EXERCISE REQUIREMENTS ::
Look through the entries below and copy exactly the part that begins with the line containing "- Bordowe wykończenie" and ends with the line containing "No mesmo prazo". Do not copy the pictures.

RECORD SET ::
■ ■ ■ ■ ■

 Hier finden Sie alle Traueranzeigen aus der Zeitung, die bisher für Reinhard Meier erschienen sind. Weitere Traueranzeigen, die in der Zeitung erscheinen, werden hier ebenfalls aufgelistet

■ ■ ■ ■ ■

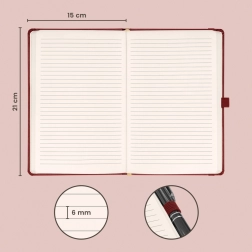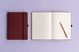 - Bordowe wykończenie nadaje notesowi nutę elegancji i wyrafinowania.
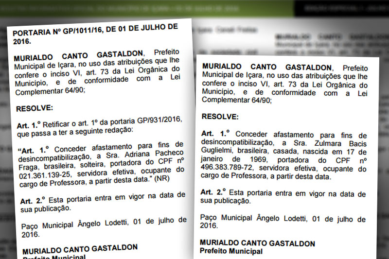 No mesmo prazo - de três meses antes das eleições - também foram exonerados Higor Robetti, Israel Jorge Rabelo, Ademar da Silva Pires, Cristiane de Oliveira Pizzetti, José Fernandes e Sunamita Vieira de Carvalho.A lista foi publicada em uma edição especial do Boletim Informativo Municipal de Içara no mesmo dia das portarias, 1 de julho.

■ ■ ■ ■ ■

SOLUTION TO THIS EXERCISE ::
 - Bordowe wykończenie nadaje notesowi nutę elegancji i wyrafinowania.
 No mesmo prazo - de três meses antes das eleições - também foram exonerados Higor Robetti, Israel Jorge Rabelo, Ademar da Silva Pires, Cristiane de Oliveira Pizzetti, José Fernandes e Sunamita Vieira de Carvalho.A lista foi publicada em uma edição especial do Boletim Informativo Municipal de Içara no mesmo dia das portarias, 1 de julho.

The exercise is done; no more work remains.